◆ **ASSIGNMENT**: The material below includes pictures; leave them out and return only the lines between the line containing "新华社通过大数据工具抓取四中" and the line containing "CUBIC ZIRCONIA COLLECTION", inclusive, word for word.

◆ **DATA SECTION**:
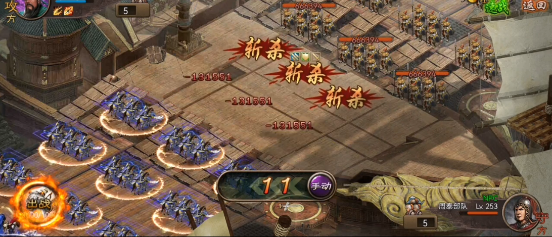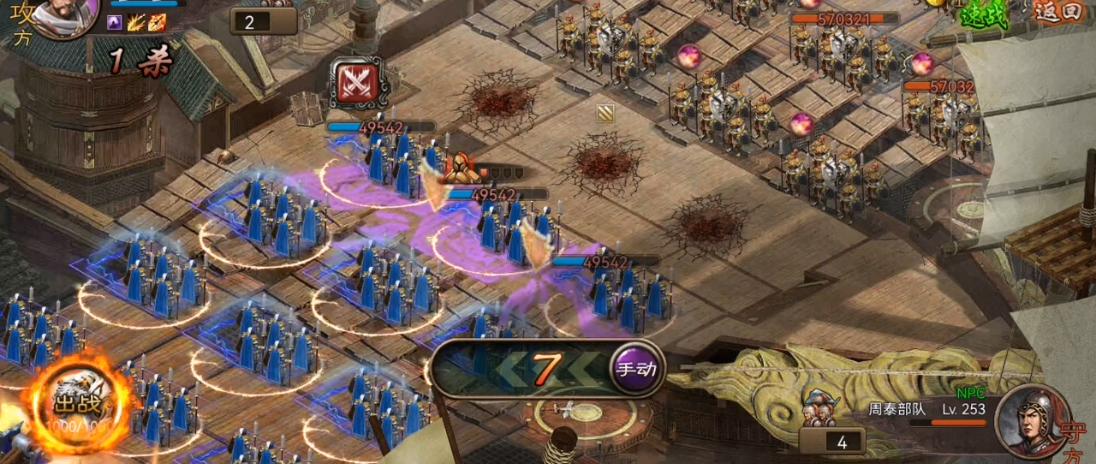 周泰的大将排常与NPC互斩同归于尽,因此需依赖其第三、四排的输出。孟获加陆逊的一车组合需确保70级阵法,保证陆逊能释放两次阵法技能。若开山旗子不足,孟德的斩杀需依赖运气,建议在资源充足时优先强化关羽与周泰的装备。
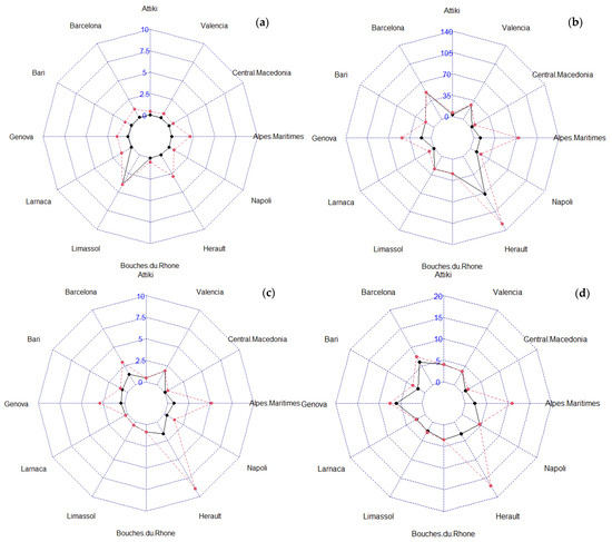 For example, Napoli has the highest percentage of residential land in the total region’s area (KPI 4), the highest percentage of covered residential land by buildings (KPI 3) and one of the lowest values of population per residential land area (KPI 2), which leads to the conclusion that Napoli follows a sprawl model of urban development. On the other side, Limassol and Barcelona have lower percentages in KPI 3 and KPI 4 and larger values in KPI 2, which indicates a dense model of urban development. Combining this information with the correlation analysis, it seems that the coastline has an affection for the model structure, since residential areas are positively affected by the length of the coastline. In detail, as the coastline increases, the residential land area also increases. However, this increment leads to a respective increase in KPI 4 and a decrease in KPIs 2 and 3. The same interpretation can be applied to the rest of the regions.
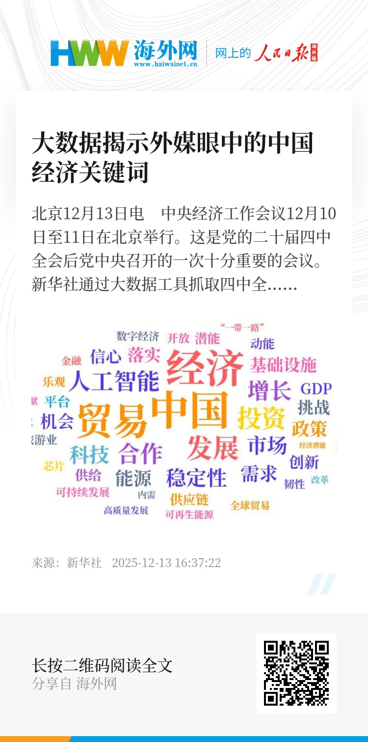 新华社通过大数据工具抓取四中全会以来1169家海外主流媒体有关报道发现,“发展”“增长”“稳定性”“贸易”“投资”“合作”“市场”“科技”“人工智能”“创新”等成为海外聚焦中国经济的高频词。
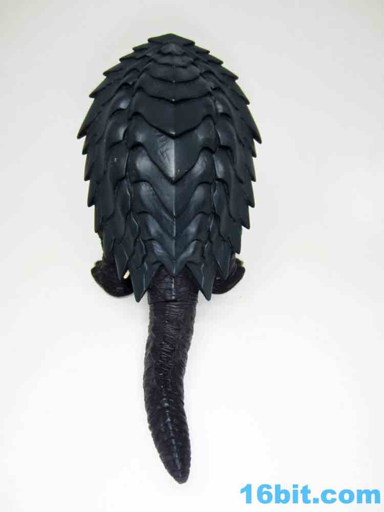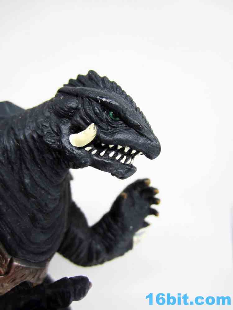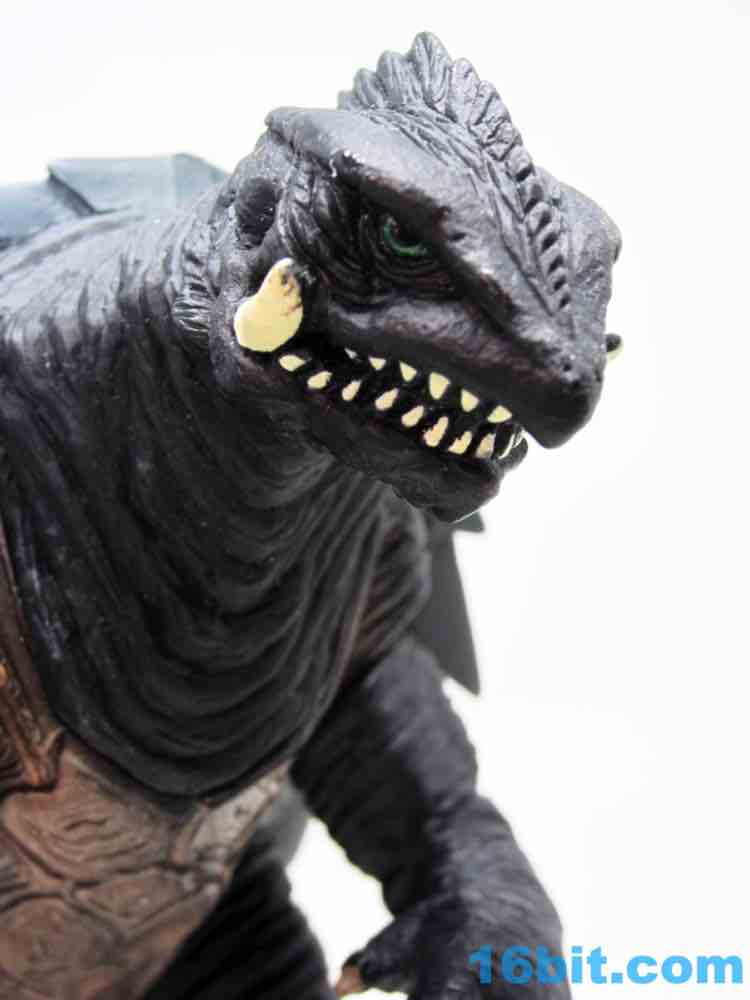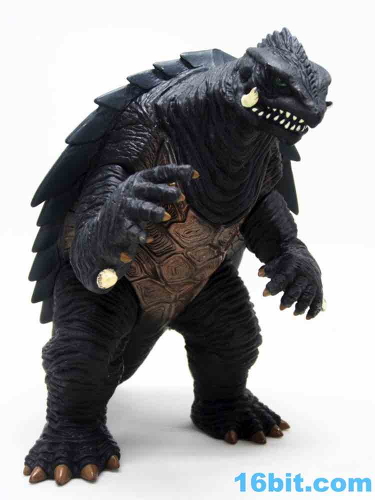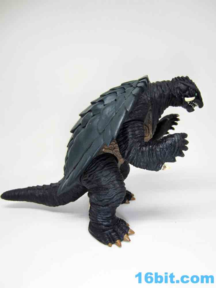 At 5-inches tall, he's a bit shorter than Toho's monster toys. Marked on the feet with some Japanese I can't read as well as 1999 TNHN and BANDAI 2005 MADE IN CHINA 39916, this little guy looks a lot like a mean, mutant turtle and not immediately like a friend to children. His tusks and teeth are a lot more sinister now that his eyes are smaller, and sure enough his hands and feet look a lot like a mutated turtle. They're wide and broad, wrinkly and significantly less fanciful than monsters of the contemporary Godzilla films. His shell is pointy and jagged, and he's got a long tail - I assume because it looks cool.
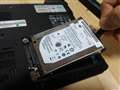 工具は小さなプラスドライバが1つで済みます。裏蓋の3つのネジを外せば簡単にHDDにアクセスできます。最初、ネジ穴の1つがテープで塞がっているのに気づかず、外れなくて焦りました。中身は、黒いテープを強めに引っ張れば、カポッと外れます。外周のコの字型した金具の4ヵ所のネジを外すとHDD本体が外れます。代わりに付けたSSDはHDDより薄いですが、ネジで止まっているのでガタつくことはありません。HDDが94g、SSDは44gなので50g軽量化できました。
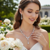 CUBIC ZIRCONIA COLLECTION - SIMULATED DIAMOND DROP NECKLACE SET - CZNK223 SILVER
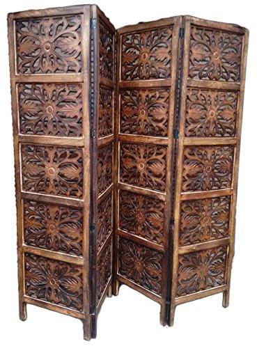 Foldable room partition screen dividers 4 panels to be placed in zig zag position size: 72" (height) x 80" (front width) inches approx. (each panel of 20 inch width and 72 inch height) primary material: seasoned mango wood note: size and color may be slightly different as it is antique hand carved product. Note: size and color may be slightly different as it is antique hand carved product. Note: octori charges specific to pincode areas need to bear by customer only.
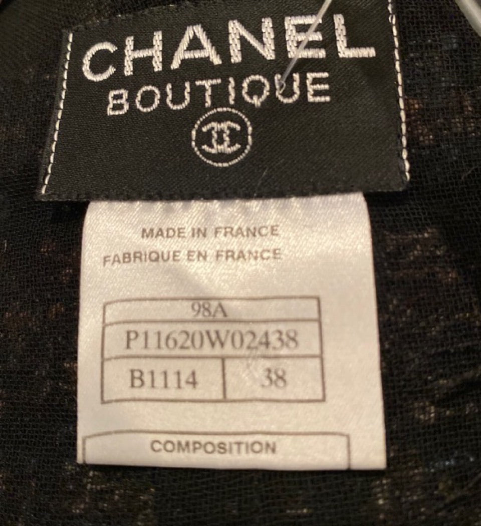It comes with the original Chanel packet which contains small samples all 3 of the different fabrics used in the garment.

◆ **TASK ANSWER**:
 新华社通过大数据工具抓取四中全会以来1169家海外主流媒体有关报道发现,“发展”“增长”“稳定性”“贸易”“投资”“合作”“市场”“科技”“人工智能”“创新”等成为海外聚焦中国经济的高频词。
 At 5-inches tall, he's a bit shorter than Toho's monster toys. Marked on the feet with some Japanese I can't read as well as 1999 TNHN and BANDAI 2005 MADE IN CHINA 39916, this little guy looks a lot like a mean, mutant turtle and not immediately like a friend to children. His tusks and teeth are a lot more sinister now that his eyes are smaller, and sure enough his hands and feet look a lot like a mutated turtle. They're wide and broad, wrinkly and significantly less fanciful than monsters of the contemporary Godzilla films. His shell is pointy and jagged, and he's got a long tail - I assume because it looks cool.
 工具は小さなプラスドライバが1つで済みます。裏蓋の3つのネジを外せば簡単にHDDにアクセスできます。最初、ネジ穴の1つがテープで塞がっているのに気づかず、外れなくて焦りました。中身は、黒いテープを強めに引っ張れば、カポッと外れます。外周のコの字型した金具の4ヵ所のネジを外すとHDD本体が外れます。代わりに付けたSSDはHDDより薄いですが、ネジで止まっているのでガタつくことはありません。HDDが94g、SSDは44gなので50g軽量化できました。
 CUBIC ZIRCONIA COLLECTION - SIMULATED DIAMOND DROP NECKLACE SET - CZNK223 SILVER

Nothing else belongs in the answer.